# dry ferts Storing



## Blue_menpachi (Aug 2, 2012)

SO after you mix your dry fertilizers into your mixing container, where do you store it? in the fridge, closet, cool place out of sunlight? just a simple question thanks


----------



## Aquaticfan (Oct 30, 2011)

I normally keep most of mine in dry form. But if mixed I put them into the refrigerator. It will help them keep longer. Especially your Micro mix if your using CSM+b or millers micro or something similar. I will also put a small amount of Glutaraldehyde into the micro mix to keep any fungus from forming.


----------



## Seattle_Aquarist (Mar 7, 2008)

Blue_menpachi said:


> SO after you mix your dry fertilizers into your mixing container, where do you store it? in the fridge, closet, cool place out of sunlight? just a simple question thanks


Hi Blue_menpachi,

I add about 5ml of Seachem Excel / Glutaraldehyde per 100 ml of solution. This keeps fungus from growing in my solutions. I store my solutions at room temperature.


----------



## Blue_menpachi (Aug 2, 2012)

okay thank you aquaticfan and seattle_Aquarist. ive heard of people adding excel but what is Glutaraldehyde? never heard of before


----------



## Aquaticfan (Oct 30, 2011)

Glutaraldehyde and excel are basically the same thing. For me I just buy a gallon of Glutaraldehyde and dilute it with distilled water to the same percentage as excel. Overall it costs me way less. Excel is seachems brand name for Glutaraldehyde and costs more. 
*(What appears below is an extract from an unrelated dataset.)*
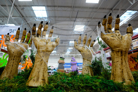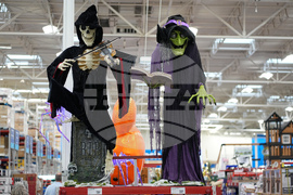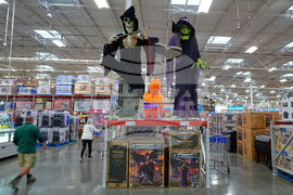 Halloween decorations are on display at a Sam's Club, Wednesday, Sept. 24, 2025, in Bentonville, Ark. (AP Photo/Charlie Riedel)

Sent from my PG86100 using Tapatalk 2


----------



## Diana K (Dec 20, 2007)

I used to mix the dry ferts and then use the mix so fast it rarely grows anything in there. If I skipped doseing, and the mix sat around some white skeins of something grew, but I used the mix anyway. 
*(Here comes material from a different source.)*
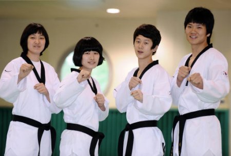 | 2008 베이징올림픽 태권도 남녀 국가대표인 황경선, 임수정, 손태진, 차동민(왼쪽부터). 스포츠월드DB |
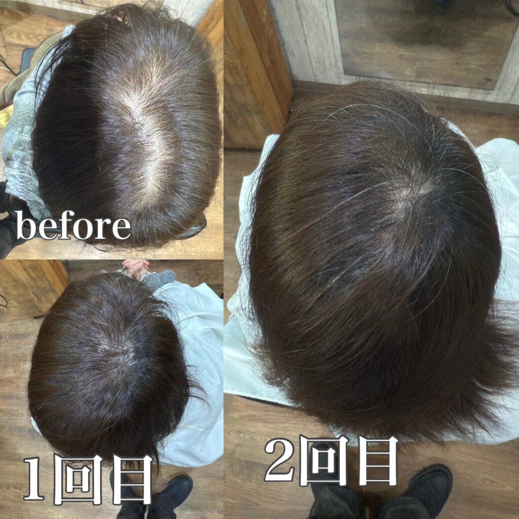 女性の方でも根本のパックリ分け目にボリュームが出たり、立ち上がりも復活します。

I have recently changed the mix, making it stronger, so I dose less. I have added Glut to this mix. Previously I was mixing up about a weeks worth at a time. Now I have mixed about 3 weeks worth. That is long enough for 'stuff' to grow. 
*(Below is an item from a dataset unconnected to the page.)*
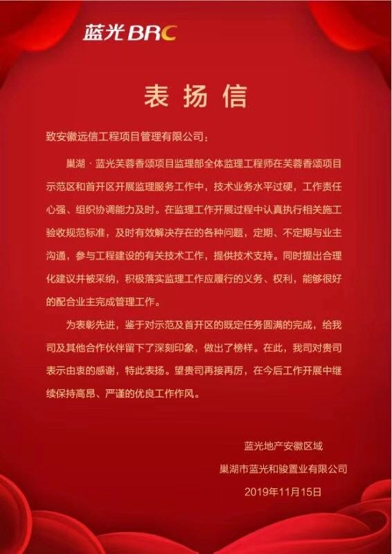 12月3日,公司巢湖藍光芙蓉香頌項目監理部收到來自藍光地產安徽區域巢湖市藍光和駿置業有限公司的錦旗和表揚信。在表揚信中,業主方對我項目監理團隊技術業務水平過硬,工作責任心強,組織協調及時方面給予了高度評價。
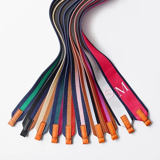 It has never been easier to mix, match and create your own style with our custom bag straps. Made from woven twill with an adjustable design, our monogrammed crossbody straps are the perfect way to give your favorite tote a simple refresh or to add a custom look to a new crossbody.

I am still storing it at room temperature in child-proof capped bottles. 

Dry powders are stored in water-proof plastic storage containers, out of the light, room temperature.


----------



## Aquaticz (May 22, 2009)

I store dry frets in the bags they came in and store them in shoebox.

I dose for four tanks(40,55,75 &a 29 gal )

I mix up 1500 ml at a time and store below one of the tanks. Like Roy I also add glut to my micro mix which has both millers micro plex and CMB. 


Sent from my iPad using Tapatalk HD


----------